The duck was evidently very similar to the Australian musk duck, though complications in interpreting measurements of the bones arise from the Australian, and apparently the New Zealand birds' strong sexual dimorphism with males being considerably larger than females. However, an analysis of the available Biziura material from New Zealand by Trevor Worthy indicated the bird was distinctly larger than its Australian relative.

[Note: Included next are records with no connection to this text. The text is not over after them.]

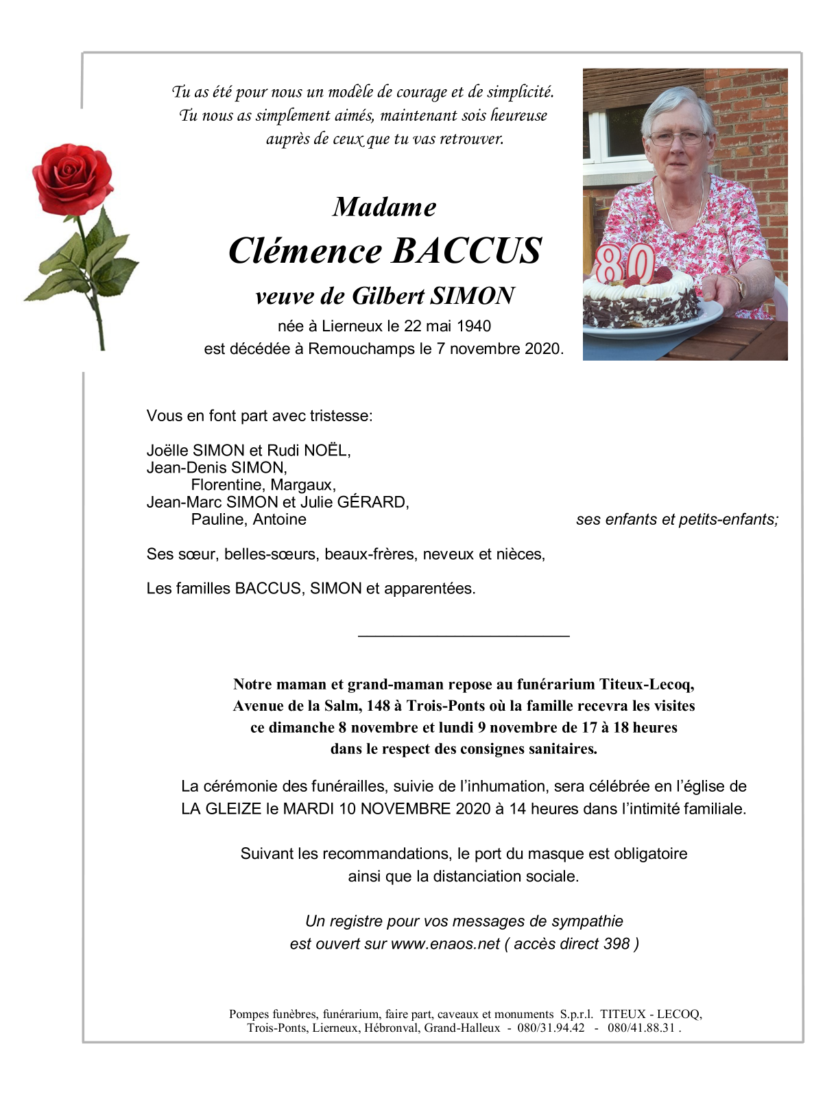 Décédée à Remouchamps (4920) le samedi 7 novembre 2020 à l'âge de 80 ans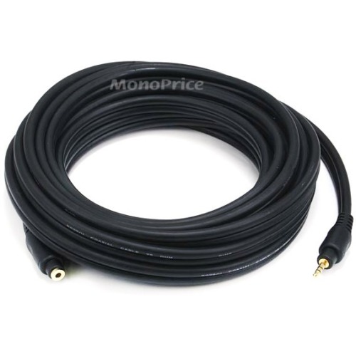 20ft Premium 3.5mm Stereo Male to 3.5mm Stereo Female 22AWG Extension Cable (Gold Plated) - Black The 3.5mm (1/8") stereo TRS connector is more commonly known as the Headphone Jack on portable mp3 players and mobile phones. This cable features a male 3.5mm stereo (TRS) plug on one end and a female 3.5mm stereo jack on the other end, each with molded connector housings and strain relief boots. Each connector is gold-plated to ensure smooth, corrosion-free connections. The cable is made of heavy-duty coaxial cable for each conductor. The conductors are 22AWG and each conductor is shield to prevent EMI or RFI interference from entering your audio system. The cable is 12mm x 6mm thick, while the connector housings are 41mm long x 15mm diameter. Because of their size and weight these cables are best suited for more permanent connections, such as from your PC to your sound system. If you want something more suitable for portable applications, please try one of our standard 3.5mm audio cables.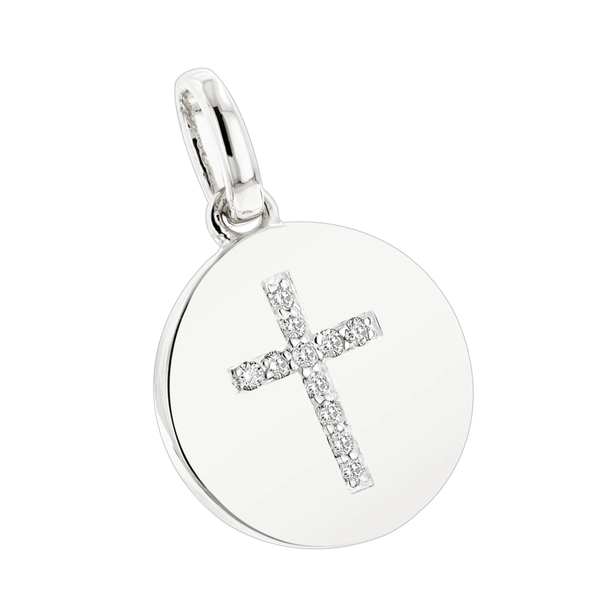 This 14K Gold Cross in a Circle Diamond Pendant features 0.11 carats of round diamonds (11 diamonds). This diamond cross pendant is available in Platinum, 18k or 14k yellow, rose, white gold, various sizes, and can be customized with any color and quality diamonds. Please note: it will take us 3-5 business days to make this pendant for you so please plan accordingly. Please contact us at 212-398-3123 if your size or desired option is not listed. You also can personalize this piece or check we’ve already made and create your own design.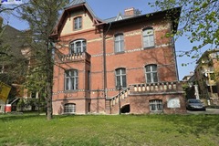 Spektakularna bryła budynku wyróżnia się na tle nowoczesnych apartamentowców i została wyremontowana pod nadzorem konserwatora zabytków .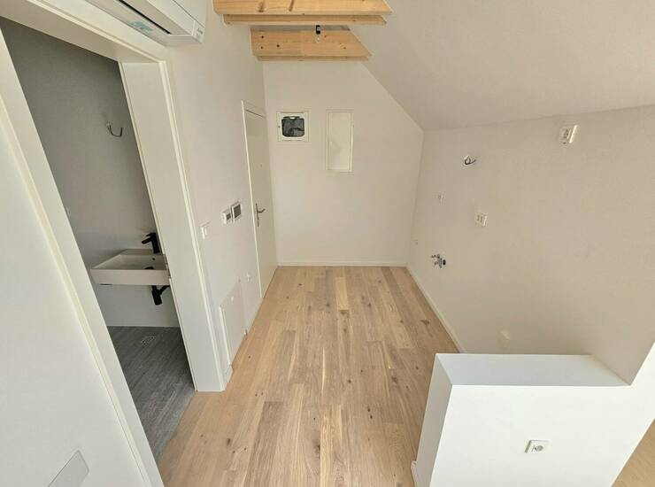 Finalni tlaki prvovrsten finalno lakiran hrastov parket v videzu surovega lesa, talna in stenska keramika v videzu travertino, finalni oplesk sten in stropov.

Allowing for the larger size, the measurements indicate that the New Zealand bird also had relatively bigger legs and shorter wings than the Australian, suggesting that it was becoming more sedentary, although still fully capable of flight. The combination of differences in size, shapes, and the relative proportions of the bones confirm that the New Zealand musk duck was a distinct species.

==Ecology==
The two main fossil sites in which the bird has been found, Lake Poukawa and Marfells Beach adjacent to Lake Grassmere, are major wetlands, suggesting that New Zealand musk ducks had similar ecological needs to Australian musk ducks, which are almost entirely aquatic, living in large, permanent swamps, lakes and estuaries with deep water to forage in. Kerry-Jayne Wilson speculated that:"De Lautour’s duck probably preyed on crayfish, large insects, molluscs and fish – larger prey than those taken by the other ducks."
It became extinct in about the 16th century because of hunting by humans.